Senior management cannot cede its ultimate responsibility for corporate
governance, which includes accounting controls and internal auditing. A
management team that yields organizational control to an outsider, without
very real oversight, exposes itself to significant financial and operational
risk. However, by retaining oversight of the internal auditing function,
management can help to ensure the independence of the external auditor
while also alleviating any potential regulatory concerns. The complexity of a business is another matter to consider in deciding
whether to outsource. Some organizations have intricate bureaucracies and
business processes. It is difficult for an audit team to navigate such
a maze and do an effective job as an internal auditor. Conversely, everyone
is on the same learning curve when a corporation is in the midst of a merger
or spin-off--full-time employees as well as external auditors. One such
example is Ralcorp. In 1993, Ralston Purina bundled its noncore enterprises--primarily its
human-foods businesses and several Colorado ski operations--into a new
publicly traded entity called Ralcorp. Deeming that it would be too distracting
to build a new internal audit department from scratch, Ralcorp management
asked the company's external audit firm to provide integrated auditing
services for the new company. A distinction was established between the
normal work of the external audit team and the activities of the internal
audit team. The latter were to be closely supervised by the executive vice
president and the controller. Ralcorp now has at its disposal a flexible, cost-efficient team of external/internal
auditors who are thoroughly familiar with the business. Adjusting to a
new and evolving culture, the audit team has made more than 50 recommendations
that have helped the organization implement stronger internal controls.
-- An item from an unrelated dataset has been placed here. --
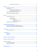 Alfabētiskais rādītājs A administratora parole 33 aizsardzība ar paroli pamodināšanai 29 akumulatora strāva 29 akumulators atlikušā uzlādes līmeņa parādīšana 30 enerģijas ekonomēšana 31 izlāde 30 rūpnīcas plomba 29 zems akumulatora uzlādes līmenis 30 aparatūra informācijas atrašana 11 atbalsts, saziņa 40 atmiņas karšu lasītājs, identificēšana 5 atmiņas karte/SIM sprauga, identificēšana 5 audio funkcijas, pārbaude 26 audio funkciju pārbaude 26 audio ievades (mikrofona) ligzda, identificēšana 6 audio izvades

As it grows, Ralcorp may yet decide to add an internal auditing function,
but for now it is content to have Price Waterhouse implement the management
team's internal audit plan. A recently spun-off subsidiary faces a different set of internal control
challenges than a highly regulated financial institution growing rapidly
via mergers and acquisitions. Nevertheless, Union Planters, a Memphis-based
bank holding company that has acquired 40 financial institutions in the
past five years, found a way to make outsourcing work. The bank had grown
so fast that it was no longer cost-effective to keep adding internal auditing
staff. This recognition prompted management to reengineer the function
altogether. Where appropriate, internal audit staff members were given
new jobs within the organization, and line managers were instructed to
take responsibility for reviewing "high-risk" activities. Union
Planters then outsourced most internal auditing functions to its external
auditor, which hired several Union Planters staff members. The bank maintains
a general auditor on staff to direct the Price Waterhouse audit team and
serve as a liaison between it and senior management. Accustomed to conducting due diligence reviews for Union Planters as
external auditors, the integrated audit team easily adjusted to its expanded
role, even helping to roll out control self-assessment reviews to line
managers. The assessments encourage managers to implement new procedures
and then determine how well the procedures are working--instead of waiting
for the audit team's report card. The disruption caused by a merger can also create an environment suitable
for internal audit outsourcing. The impending merger of two mining conglomerates,
Cyprus Minerals Co. and Amax Inc., spurred significant change and resulted
in reduced employee head count. A desire to focus on its core mining businesses
led management to decide against building a new internal department. The
company opted instead to outsource most internal audit responsibilities
and asked us to develop an integrated audit approach. The integrated team, comprising members of the external auditing team
and three auditors hired from Cyprus and Amax, quickly coalesced into an
effective unit, revamping audit procedures and generating enhanced reports
that featured business analysis and detailed management summaries. For
example, the team completed a comprehensive study of an affiliate's hedging
portfolio and risk management strategy. As several of these examples show, an integrated teaming approach has
helped many companies solve internal auditing needs. In virtually every
organization, internal auditors are being asked to do more with less. Sourcing
selected services can be an innovative and creative solution for internal
auditors who have been told to cut staff, while at the same time expand
the scope of their audit programs. Teaming provides an opportunity to create
strong partnerships between internal and external auditors and thus enhance
the value of internal auditing programs. And while we do not recommend
full outsourcing except in specific situations, it can make managerial
and financial sense. * David Hodgson is national director of Audit Technology and
world chairman at Price Waterhouse's global Internal Audit Services. Lee
Puschaver, CPA, is industry segment leader of National Banking for
Price Waterhouse. Adapted from an article published in PW Review, Spring 1995.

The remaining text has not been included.